12-24-2011 04:39 PM
I know that sometimes data centers will have a outage. Can anyone tell me first hand if they have been through such thing and what happened?
12-25-2011 10:34 PM
I have. Most extended outages are due to power. I did have a box at a data center in Florida that was down for over 12 hours. It ended up being an OSPF mis-configuration or something. Poor network administration. Power outages are nightmare. There are soo many devices in a data center that will need to be rebooted. Some of them haven't been rebooted in years and because of that, they usually don't reboot without some type of intevention by the admin.

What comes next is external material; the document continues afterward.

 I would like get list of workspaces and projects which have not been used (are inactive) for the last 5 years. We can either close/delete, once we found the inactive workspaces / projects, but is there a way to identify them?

Let's not forget about hardware problems that result from the power being immediately cut off. Hard drives die, and some servers may not have been set in the BIOS to power back on after a power loss. It's a mess, especially if you are working on the NOC staff. I'm sure Goldenrabbit will have something to say on this topic...
12-27-2011 02:49 PM
Outages are terrible. Most data centers and their staff do not have a good plan or a plan at all for serious outages. Network outages are usually isolated to an equipment failure. If an upstream provider goes down, all data centers will have BGP setup to route traffic through another provider. That is why it is important to choose a real data center and not a small provider with a single-homed network.
On the power side its just bad news all around. Once a power failure happens you have no options besides reboots and repairs. Some UNIX/Linux boxes will boot into fschk... There is not much you can do once you that process starts. Another bad outage which is sometimes worse than than network/power is temperature.
Once air handlers start to fail, the temperature sky rockets in a matter of minutes. A data center at 120 degrees is recipe for disaster. If you do not lose hard drive immediately, you will notice over the next 6 months a steady failure of drives. Some devices will shutdown automatically but things like core network devices still need to operate.
I have seen a Cisco 6509 reach operating temperatures of 96 degree celcius!